HOW TO HELP A GRIEVING FRIEND OR RELATIVE

(Rivendell Resources) Obviously you can get much information by directly going to the sites on death and grieving, but I put this here since it I believe it is an area you should be aware of before any dies. It certainly would have been beneficial to me when I was helping clients after the death of a loved one.

Don't worry what to say. Just being there shows you care. Don't feel that you have to have the answers. Just be a good listener.

Talk about the deceased- anything you know about them, such as what they said or did. It helps the the grieving persons to keep them closer

Call often, especially after the first couple months. Their energy level may be too low for them to make the effort even though they may need to talk.

Send cards even weeks after the funeral. They are always helpful and there is a disappointment when they finally stop coming.

Do visit in the home after the funeral service is over, but stay just a short while. Grievers need some privacy

If you want to do something with or for the bereaved, give him or her an option. Some days they just can't cope with "something to do".

Don't avoid the person when you see them the first time after the funeral. Go up to them first.

Try not to look startled when the bereaved mentions the deceased. Let them talk about the deceased as much as they would like to.

Don't try to get the mind of the griever off of the loved one. That is impossible for a long time if the relationship was close. Remember, the hardest thing for the bereaved is to see life going on.

Don't make small talk. Talk about what is most important in the griever's mind.

Don't be uneasy if you cry and the bereaved does not. A person can only cry so much. The hurt is still there.

Don't talk about what the deceased might have been spared by death. Those thoughts bring no comfort.

Don't remind the person of what they have left, such as the children. At the time, all the bereaved can think of is what they have lost and the feeling that there is no future. The deeply grieved does not want to think about tomorrow.

Things you could do to be helpful. Grocery shop, 2. Go to the library, 3. Harvest garden, 4. Mow lawn, 5. Prepare hot meal, 6. Babysit, 7. Clean house.
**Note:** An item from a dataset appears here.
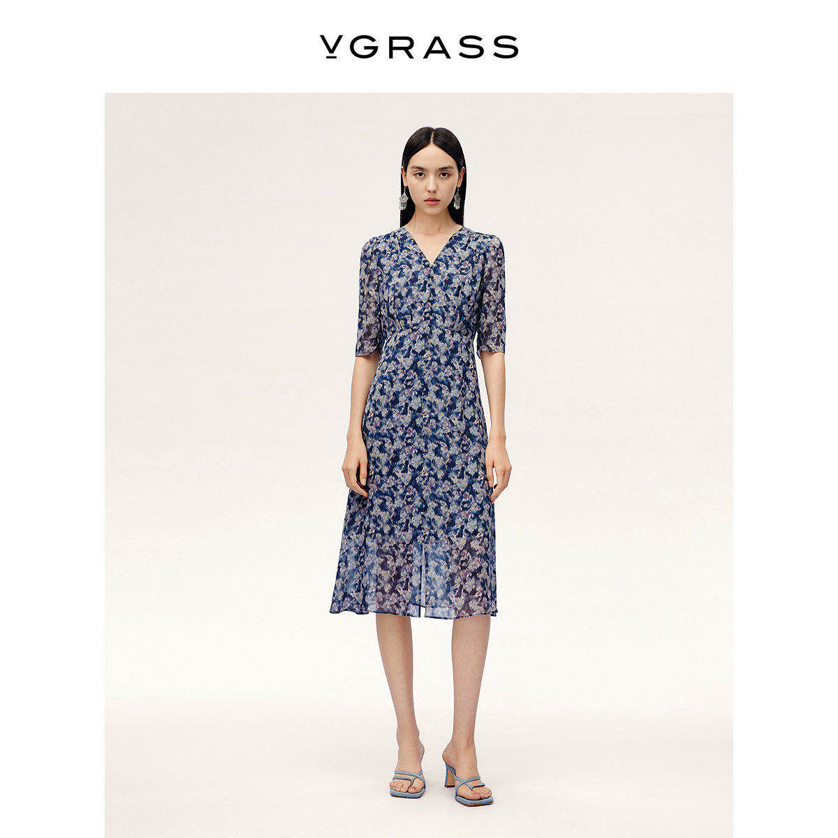VGRASS维格娜丝夏季新款模糊剪影式印花100%桑蚕丝乔其连衣裙

If they have children, invite them to spend time with your children. If the children have lost their father, it would be wonderful if another man would spend some time with them also. He could include them occasionally when he does something with his own kids.

Don't assume that the deeply bereaved is "over it" in just a few weeks or even months because they are getting on with their routine. Grief takes much longer than expected- particularly for women- and people can pretend to be doing much better than they really are doing. Share you love, your time and most importantly, your prayers.